● **EXERCISE GOAL**: In the entries below, begin at the line that has "3日-8日-21日均线 【蛟龙出海】买入点 看多信号,后市看涨,买入", stop after the line that has "2012年11月26日,应生", and output those lines exactly with no pictures.

● **PROVIDED INFORMATION**:
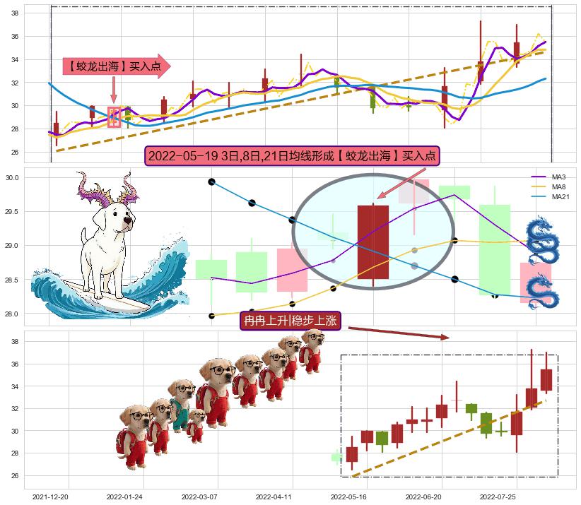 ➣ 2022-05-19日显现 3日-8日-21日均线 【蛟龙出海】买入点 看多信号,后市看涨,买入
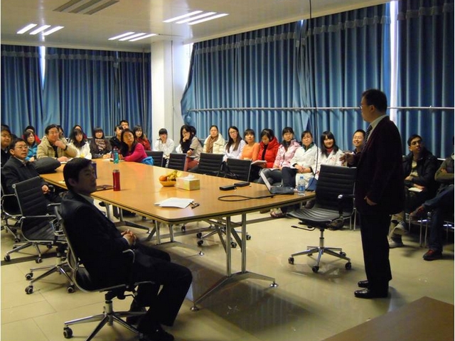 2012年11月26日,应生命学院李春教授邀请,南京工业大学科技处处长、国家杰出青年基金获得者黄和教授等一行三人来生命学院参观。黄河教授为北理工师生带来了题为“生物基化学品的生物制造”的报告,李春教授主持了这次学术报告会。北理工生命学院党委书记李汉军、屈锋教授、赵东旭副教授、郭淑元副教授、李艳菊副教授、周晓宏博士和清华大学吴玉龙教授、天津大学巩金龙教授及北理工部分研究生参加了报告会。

==

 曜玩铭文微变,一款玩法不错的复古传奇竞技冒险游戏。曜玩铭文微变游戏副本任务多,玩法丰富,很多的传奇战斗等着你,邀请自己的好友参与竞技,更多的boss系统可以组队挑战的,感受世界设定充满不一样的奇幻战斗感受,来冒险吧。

● **TASK RESPONSE**:
 ➣ 2022-05-19日显现 3日-8日-21日均线 【蛟龙出海】买入点 看多信号,后市看涨,买入
 2012年11月26日,应生命学院李春教授邀请,南京工业大学科技处处长、国家杰出青年基金获得者黄和教授等一行三人来生命学院参观。黄河教授为北理工师生带来了题为“生物基化学品的生物制造”的报告,李春教授主持了这次学术报告会。北理工生命学院党委书记李汉军、屈锋教授、赵东旭副教授、郭淑元副教授、李艳菊副教授、周晓宏博士和清华大学吴玉龙教授、天津大学巩金龙教授及北理工部分研究生参加了报告会。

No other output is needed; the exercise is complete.